Потом мы спали с отцом вместе на жестком дощатом топчане, зябли под одним тонким одеялом. Второе одеяло, наверное, пуховое, с узорчатым пододеяльником, – насмешливо фантазировал я – отец, стесняясь, естественно, не принес. Пусть лучше померзнет сын! На первый раз хватит ему и мисочки! Я уже думал об этом с некоторой иронией.

Осваивал новую жизнь. Утром я стал собираться. Отец уже притулился к тумбочке и писал, иногда морщась, – и вдруг изумленно вытаращился, увидя меня в пальто.

– Я счас… счас! – заполошно забормотал.

Я вышел молча. Пусть пока разбирается… мисочку вернет. Я долго, вздыхая, стоял у крыльца. Жал ногой черный лед на луже, гонял под ним белый пузырь.
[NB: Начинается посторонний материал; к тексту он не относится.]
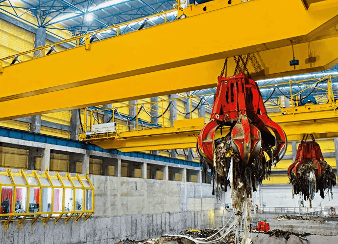 Выбор подъемного оборудования определяется видом перерабатываемых отходов и применяемой схемой их утилизации. Краны эксплуатируются в условиях повышенной запыленности, влажности, при колебаниях температур, возможна работа в коррозионной среде с опасными отходами. Установка оборудования с учетом типа вторичных материалов, производительности перерабатывающего комплекса, планировки цеха дает гарантии безопасной и эффективной работы.

Вдруг что-то, уже почти привычно, щелкнуло в моей голове. Прошел перед глазами вчерашний белый гусь с паром из клюва, потом проплыла та веселенькая чужая мисочка… и этот белый, юрко бегающий подо льдом пузырь. "Вот это запомни", – словно кто-то сказал. Что -

"это"? Для чего? Я сладко чувствовал, что это и не надо пока понимать. Слишком ранняя разгадка тайны губительна, – это я понял потом. А тогда были лишь смутные волны, но еще не было слов. Лишь потом, когда я решил вдруг почему-то писать, я с удивлением обнаружил, что многое уже не только пережито, но и сложено в словах, все расставлено ясно и выгодно – так, что все это сразу можно увидеть и оценить. В общем, когда я неожиданно начал писать, выяснилось, что я давно уже этим занимаюсь, более того – нет ничего азартней и важней для меня, чем это. Смысл жизни не объявляется мгновенно – он медленно вырастает внутри тебя.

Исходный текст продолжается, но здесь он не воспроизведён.